Making sure you know how to prevent substantial losses is integral before delving into spread betting. Legally similar to gambling, spread betting can be a goldmine of potential profit as well as a death trap of losses.
Perhaps one of the best ways to limit the risk of losses is understanding how spread betting works. There are several online tutorials by several spread-betting company providers that allow traders to have hands on experience on how spread betting can be used to their advantage. Moreover, there are also tons of books and magazines about spread betting which are readily available in paperbacks or E-books that contains valuable tips by successful traders and companies on how to manage and take full advantage of spread betting.
Spread betting is a complex and fast moving activity which can be rather complicated at first especially with the underlying concepts and trading jargon. Therefore people should understand and get to know the basics in spread betting before they begin since service providers don’t always highlight the risks clearly.

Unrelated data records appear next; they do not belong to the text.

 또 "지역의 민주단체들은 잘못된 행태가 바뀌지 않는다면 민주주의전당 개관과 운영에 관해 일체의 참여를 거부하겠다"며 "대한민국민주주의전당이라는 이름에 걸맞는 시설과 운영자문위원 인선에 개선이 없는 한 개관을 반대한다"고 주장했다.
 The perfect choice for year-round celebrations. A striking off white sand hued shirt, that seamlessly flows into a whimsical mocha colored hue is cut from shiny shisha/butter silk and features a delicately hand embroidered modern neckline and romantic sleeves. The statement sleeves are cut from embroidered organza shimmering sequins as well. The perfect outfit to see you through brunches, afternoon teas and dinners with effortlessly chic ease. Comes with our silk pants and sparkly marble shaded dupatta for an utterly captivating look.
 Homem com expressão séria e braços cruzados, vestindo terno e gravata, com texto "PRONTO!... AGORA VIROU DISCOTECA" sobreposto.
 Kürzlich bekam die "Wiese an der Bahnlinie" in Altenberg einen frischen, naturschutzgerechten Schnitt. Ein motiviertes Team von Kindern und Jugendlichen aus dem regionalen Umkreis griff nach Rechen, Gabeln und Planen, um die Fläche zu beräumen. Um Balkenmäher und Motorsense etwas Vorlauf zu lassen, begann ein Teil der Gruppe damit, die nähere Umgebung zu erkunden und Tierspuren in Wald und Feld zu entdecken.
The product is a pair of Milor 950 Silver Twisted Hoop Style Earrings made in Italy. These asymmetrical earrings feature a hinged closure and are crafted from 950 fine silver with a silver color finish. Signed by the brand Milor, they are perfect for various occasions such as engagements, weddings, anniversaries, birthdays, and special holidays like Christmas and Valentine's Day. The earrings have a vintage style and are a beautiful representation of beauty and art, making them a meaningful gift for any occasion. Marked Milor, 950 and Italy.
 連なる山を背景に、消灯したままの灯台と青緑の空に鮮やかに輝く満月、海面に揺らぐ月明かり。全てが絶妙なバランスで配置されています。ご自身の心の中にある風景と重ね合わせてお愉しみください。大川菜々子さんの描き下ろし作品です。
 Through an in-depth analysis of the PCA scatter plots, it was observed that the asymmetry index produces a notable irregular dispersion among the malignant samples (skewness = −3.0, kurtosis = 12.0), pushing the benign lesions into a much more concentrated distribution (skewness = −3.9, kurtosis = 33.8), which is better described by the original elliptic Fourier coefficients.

Traders who are new to spread betting are usually advised to start with small bets. Spread betting is flexible therefore to better give novice traders hefty gains and manageable losses. Experts also recommend that traders should probe and research a particular market before placing a bet. This can be done by examining a company’s recent rank and performance as well as its prevailing economic conditions and outlook. Although research is not enough to guarantee success, it does however give the trader a well informed decision.

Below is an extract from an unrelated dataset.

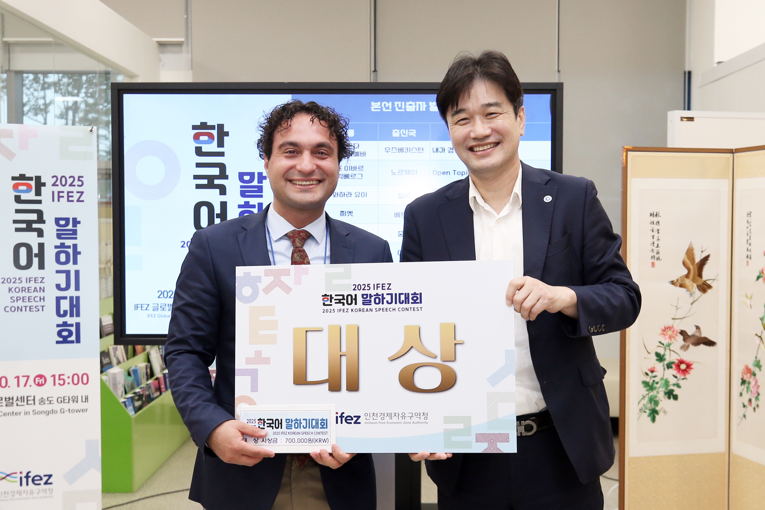2025년 10월 17일(금요일), IFEZ는 송도국제도시 G타워 내 IFEZ 글로벌센터에서 ‘2025년 IFEZ 외국인 한국어 말하기 대회’를 개최했다. 올해로 5회째를 맞은 이번 대회는 IFEZ에 거주하는 외국인을 대상으로 한국어 학습 의욕을 높이고 대한한국 문화의 우수성을 알리기 위해 마련됐다. 예선을 거쳐 본선에 오른 8개국 10명의 참가자들은 ‘내가 경험한 인천과 한국문화’, ‘자유 주제’ 등으로 유창한 한국어 실력을 선보였다. 대상은 ‘태권도가 저의 삶에 주는 영향’을 발표한 이란 국적의 해삼에띤 래자이 씨가 수상했다.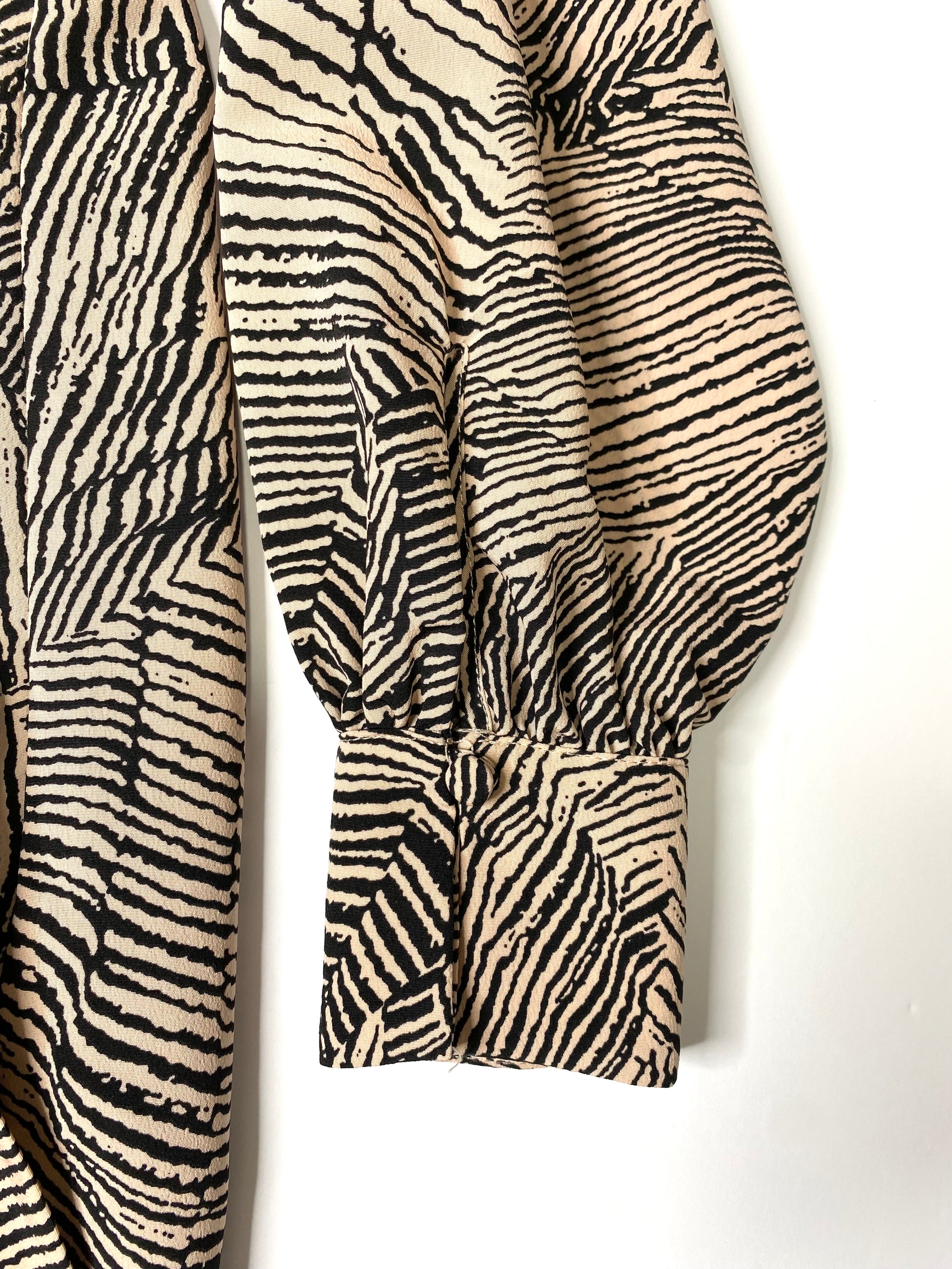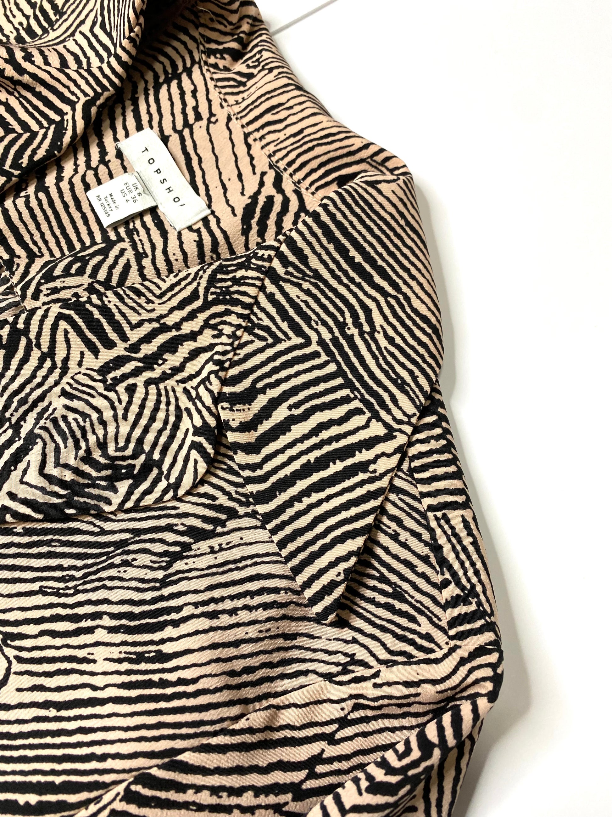 Top Shop Long Sleeve Blouse Size 4 | Animal Print | Bow Tie Waist Belt

A second thing to consider is keeping emotions in check when placing a bet, otherwise hotheaded and emotional traders are much more prone to inaccurate and poorly calculated decisions. Perhaps the best way to maintain a disciplined approach is to come up with a strategy so that there can be a true motive and goal, instead of just an impulse or hunch.
Spread betting companies provide a wide array of technical tools to minimise the risk of significant losses, one very effective and popular tool being stop losses.
There are two available stop loss mechanisms. A standard stop loss is basically free and closes a trade at an agreed upon price. For instance, if someone purchases the FTSE 100 at 4,400 for £4 in a speculation that the market will rise would most likely place a stop loss limit at 4,360 to guard against any further loss. If the index drops and hits the limit set then losses will only be limited to £50 which protects the trader from extreme losses.